→ WHAT YOU NEED TO DO:
Only the lines below starting at the one containing "Square style lines" and ending at the one containing "新闻发布厅延续了主空间简洁明" belong in the answer, each copied exactly.

→ EXERCISE MATERIALS:
══════════
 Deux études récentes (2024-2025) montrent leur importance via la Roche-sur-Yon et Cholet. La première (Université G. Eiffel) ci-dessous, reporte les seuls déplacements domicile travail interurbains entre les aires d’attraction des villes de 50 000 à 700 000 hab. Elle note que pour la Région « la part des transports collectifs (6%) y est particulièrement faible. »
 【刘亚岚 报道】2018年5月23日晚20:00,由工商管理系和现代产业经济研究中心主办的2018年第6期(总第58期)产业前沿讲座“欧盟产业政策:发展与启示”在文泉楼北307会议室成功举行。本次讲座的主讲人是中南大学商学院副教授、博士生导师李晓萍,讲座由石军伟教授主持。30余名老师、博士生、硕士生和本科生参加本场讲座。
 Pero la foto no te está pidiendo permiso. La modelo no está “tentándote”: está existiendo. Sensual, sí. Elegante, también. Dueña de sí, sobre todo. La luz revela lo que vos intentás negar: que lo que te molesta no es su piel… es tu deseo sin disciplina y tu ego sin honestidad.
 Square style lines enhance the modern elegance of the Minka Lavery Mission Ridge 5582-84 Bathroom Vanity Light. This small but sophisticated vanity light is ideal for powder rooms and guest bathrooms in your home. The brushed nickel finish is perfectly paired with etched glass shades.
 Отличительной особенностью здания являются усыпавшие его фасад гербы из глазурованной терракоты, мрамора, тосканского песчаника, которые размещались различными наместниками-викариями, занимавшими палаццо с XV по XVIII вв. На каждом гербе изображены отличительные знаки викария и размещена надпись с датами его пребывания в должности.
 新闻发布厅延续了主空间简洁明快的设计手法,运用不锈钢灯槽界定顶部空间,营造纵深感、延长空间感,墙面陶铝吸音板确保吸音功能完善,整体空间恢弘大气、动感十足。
══════════
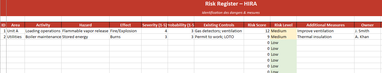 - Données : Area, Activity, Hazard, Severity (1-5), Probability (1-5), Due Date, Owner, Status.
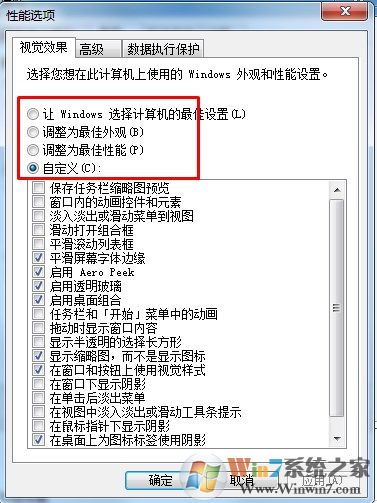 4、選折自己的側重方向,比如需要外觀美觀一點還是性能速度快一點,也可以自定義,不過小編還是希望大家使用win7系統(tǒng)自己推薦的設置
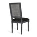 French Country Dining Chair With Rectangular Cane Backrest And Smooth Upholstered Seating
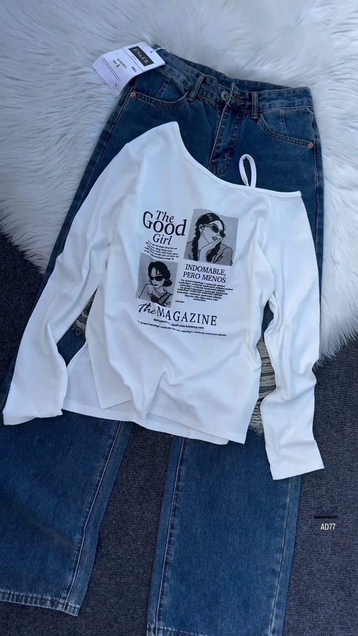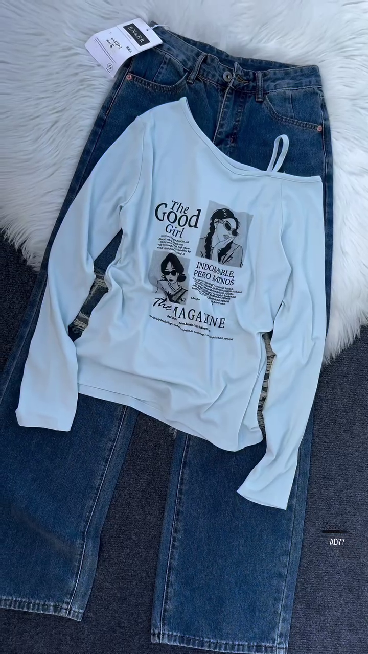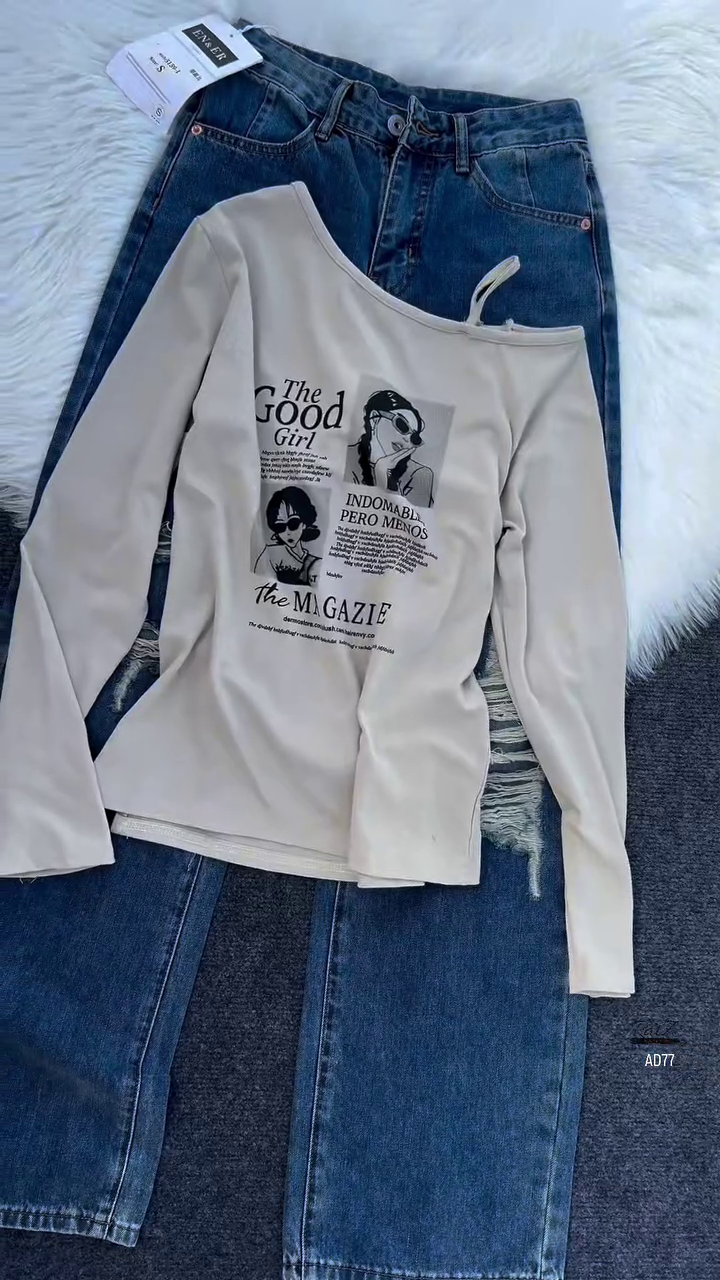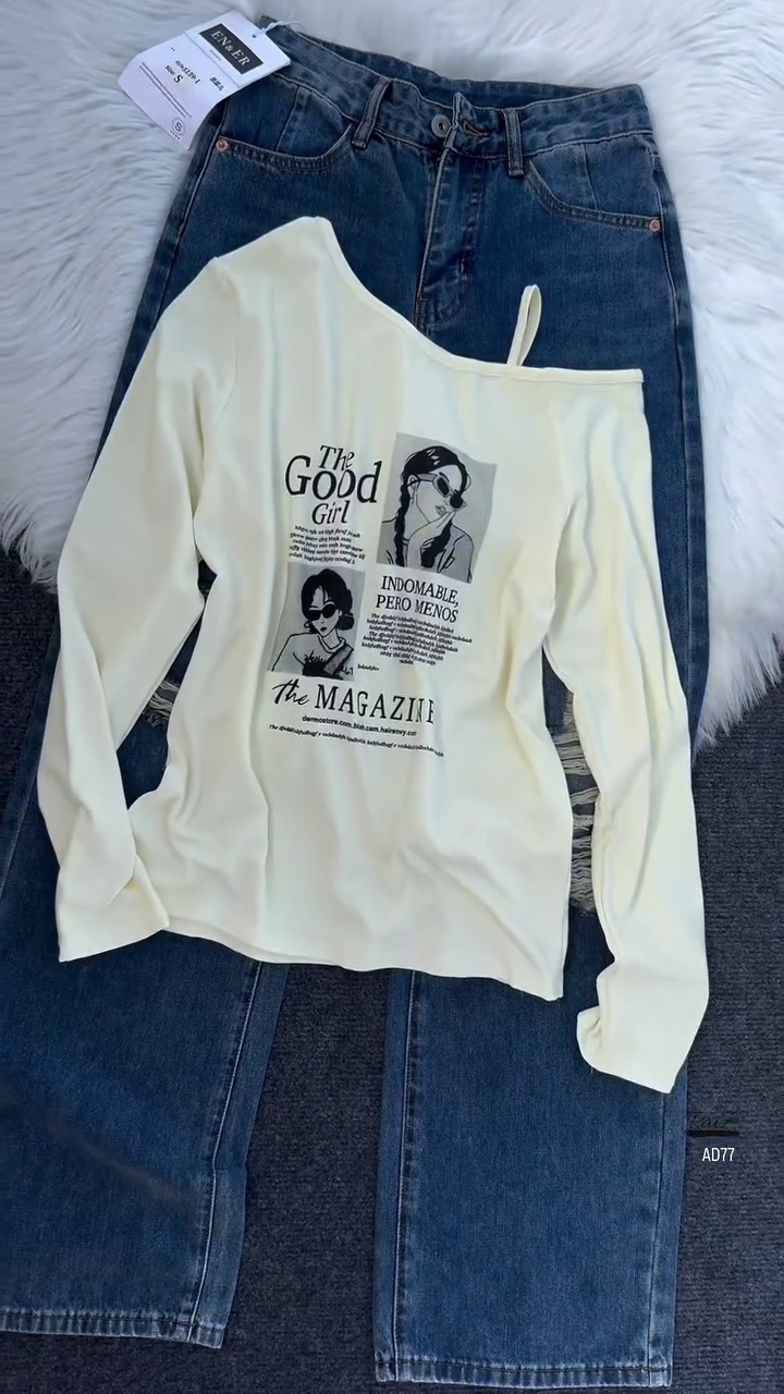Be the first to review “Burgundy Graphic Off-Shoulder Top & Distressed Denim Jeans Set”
══════════
→ YOUR RESPONSE:
 Square style lines enhance the modern elegance of the Minka Lavery Mission Ridge 5582-84 Bathroom Vanity Light. This small but sophisticated vanity light is ideal for powder rooms and guest bathrooms in your home. The brushed nickel finish is perfectly paired with etched glass shades.
 Отличительной особенностью здания являются усыпавшие его фасад гербы из глазурованной терракоты, мрамора, тосканского песчаника, которые размещались различными наместниками-викариями, занимавшими палаццо с XV по XVIII вв. На каждом гербе изображены отличительные знаки викария и размещена надпись с датами его пребывания в должности.
 新闻发布厅延续了主空间简洁明快的设计手法,运用不锈钢灯槽界定顶部空间,营造纵深感、延长空间感,墙面陶铝吸音板确保吸音功能完善,整体空间恢弘大气、动感十足。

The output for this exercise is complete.